Ci sono gli investimenti a nove zeri e soprattutto la promessa assistenza nella lotta contro il Covid. L’ottava edizione del Focac, il forum triennale Cina-Africa, si è aperta ieri nel segno della continuità con il passato, ma con la chiara intenzione di raddrizzare alcune delle distorsioni emerse durante gli ultimi decenni di cooperazione, aggravate dal contesto pandemico.

AD APRIRE I LAVORI è stato il presidente cinese Xi Jinping, che in videoconferenza ha annunciato la spedizione di un altro miliardo di vaccini – di cui 600 milioni a titolo gratuito e il resto prodotto localmente – per raggiungere l’obiettivo di immunizzazione del 60 % della popolazione africana entro il 2022.

Un’iniziativa ampiamente attesa che va a integrare i 200 milioni di sieri precedentemente forniti (in minima parte gratis), contribuendo non solo a domare la nuova variante sudafricana in una delle aree del mondo con il più basso tasso di vaccinazione. Ma anche a diversificare la natura dell’attivismo cinese nella regione, per anni contraddistinto da una forte spinta verso gli investimenti nel settore estrattivo e dei trasporti.

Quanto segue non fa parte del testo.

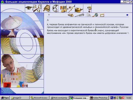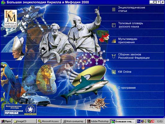Большая Энциклопедия Кирилла и Мефодия 2000 (БЭКМ) - четвертая версия энциклопедии. В БЭКМ содержит самую разнообразную информацию о новейших научных открытиях и технических изобретениях, о государственных и политических деятелях, о выдающихся представителях отечественной и зарубежной культуры, о древнейших цивилизациях, религиях, мыслителях древности, о создателях космической и компьютерной техники, о течениях современной моды и популярной музыки, о крупнейших событиях современности, а также последние статистические данные со всего мира и многое, многое другое. В состав энциклопедии входит 4 видеоприложения на 5 отдельных дисках. Диск 3: "Наука и техника. Физические процессы". Диск 4 и 5: "Жизнь диких животных". Диск 6: "Видеоархив российской истории". Диск 7: "Медиа-мозаика".
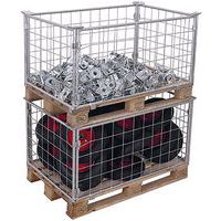 A zárt hálós kialakítású összecsukható raklapbővítők alkalmasak áruk euro raklapokon történő szállítására és tárolására. Maximálisan kihasználják a raklap tárolóhelyét. Szembőség: 100 x 100 mm. A kialakítás nagy teherbírást és négy darab könnyű egymásra rakását garantálja.
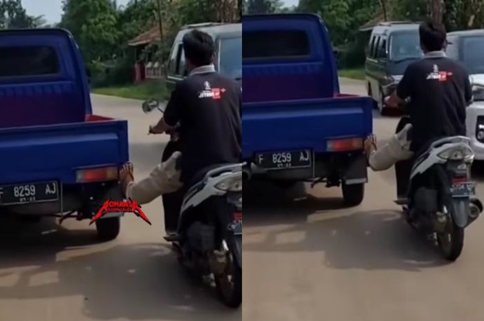 Dalam video tersebut terlihat pemotor Suzuki Address mendorong mobil pikap dengan modal kaki.
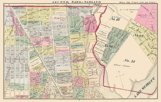 Oakland California Second Ward - Thompson 1878 White Modern Wood Framed Art Print with Double Matting by Thompson
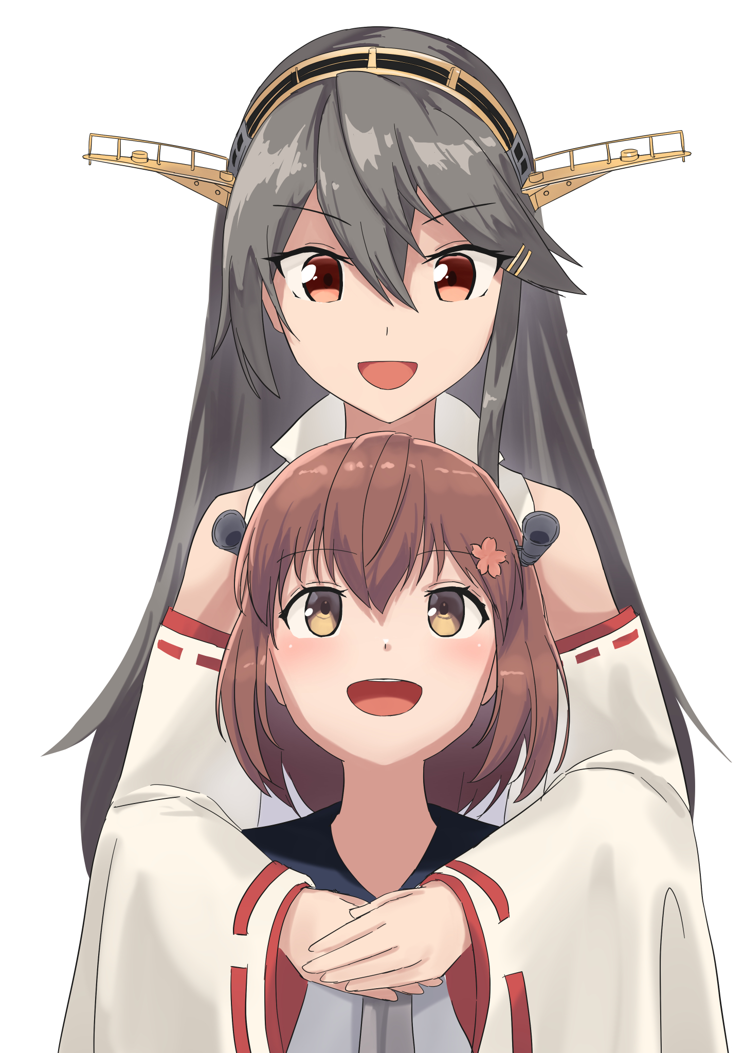 black_hair black_sailor_collar brown_eyes brown_hair dress haruna_(kancolle) haruna_kai_ni_(kancolle) highres hug hug_from_behind kantai_collection long_hair looking_up popped_collar ribbon-trimmed_sleeves ribbon_trim sailor_collar sailor_dress short_hair simple_background white_background yuki_4040 yukikaze_(kancolle) yukikaze_kai_ni_(kancolle)
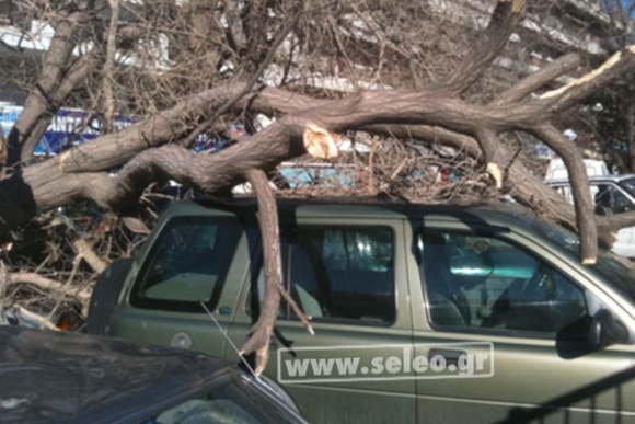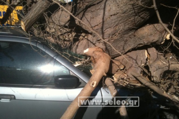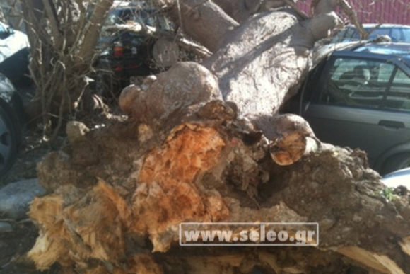 Σύμφωνα με την Πυροσβεστική Υπηρεσία που έσπευσε στην περιοχή για να κόψει τα κλαδιά, το δέντρο έπεσε στον δρόμο, καταστρέφοντας ολοσχερώς ένα αυτοκίνητο και προκαλώντας σοβαρές ζημιές σε ένα δεύτερο.

IL BINOMIO, che ha dominato i primi otto anni dal lancio della Nuova Via della Seta, non sparirà, ma subirà alcuni aggiustamenti strutturali. Secondo quanto anticipato da Xi, la Cina si impegna a fornire agli istituti finanziari africani una linea di credito da 10 miliardi di dollari per le piccole e medie imprese, stabilendo una piattaforma congiunta per promuovere gli investimenti privati e invitando le aziende cinesi a dirottare nel continente una cifra analoga o quantomeno non inferiore nei prossimi tre anni. Chiaro segno di come il settore statale, dopo le spese incontrollate, stia cercando una sponda per ridurre i rischi finanziari.

NEGLI ANNI L’INDEBITAMENTO dell’Africa nei confronti del gigante asiatico non solo è diventato motivo di critiche internazionali più o meno fondate. In tempi di rallentamento economico le banche cinesi hanno mostrato meno entusiasmo davanti alla proposta di progetti dalla dubbia sostenibilità economica. Appena poche ore prima dell’apertura del vertice, è circolata la notizia – negata da Pechino – della richiesta da parte dell’Uganda di rinegoziare le condizioni predatorie di un prestito per l’espansione dell’aeroporto internazionale di Entebbe. Rispondendo indirettamente alle accuse, Xi ha riferito che la Cina esenterà le capitali africane dal pagamento dei debiti sui prestiti a interessi zero in scadenza entro la fine dell’anno e devolverà al continente 10 miliardi dei suoi diritti speciali di prelievo del Fmi.

IN TUTTO SONO NOVE i progetti con cui Pechino intende ribilanciare il partenariato nei prossimi tre anni in materia di sostenibilità ambientale, sicurezza, innovazione tecnologica e commercio, con attenzione particolare all’agricoltura e alla formazione professionale.

Aldilà dei numeri, l’evento possiede importanti significati simbolici. Innanzitutto la location: Dakar, la capitale del Senegal, segna ufficialmente l’espansione cinese – un tempo focalizzata soprattutto nel Corno d’africa (dove ha aperto la sua prima base militare all’estero) – nel quadrante occidentale storicamente marchiato dall’influenza francese. Il nome del vertice poi, che rievoca gli slogan della «Nuova Era» di Xi, attesta quel ritorno all’ideologia che contraddistinse le relazioni con il continente all’epoca di Mao e che con l’avvio delle riforme di mercato fu stemperato per dare maggiore spazio agli aspetti economici.

MA PIÙ CHE IMPORRE il proprio modello di sviluppo, la Cina spera in cambio di ottenere il supporto politico dei partner africani nelle agenzie internazionali, dove Pechino fronteggia costanti critiche per lo scarso rispetto dei diritti umani, mentre lascia aperta la porta alla cooperazione multilaterale nelle questioni economiche.

È in quest’ottica che va interpretata il recente invito di Xi a Merkel e Macron a creare un «Quad africano». Iniziativa che se da una parte serve a condividere i rischi finanziari con le ex potenze coloniali dall’altra sembra voler dare maggior prestigio al protagonismo cinese in Africa con una triangolazione che coinvolge le principali potenze europee in risposta al pressing americano. Solo pochi giorni fa era stato Antony Blinken a corteggiare il continente a lungo trascurato da Washington con una rara visita che ha toccato proprio il Senegal.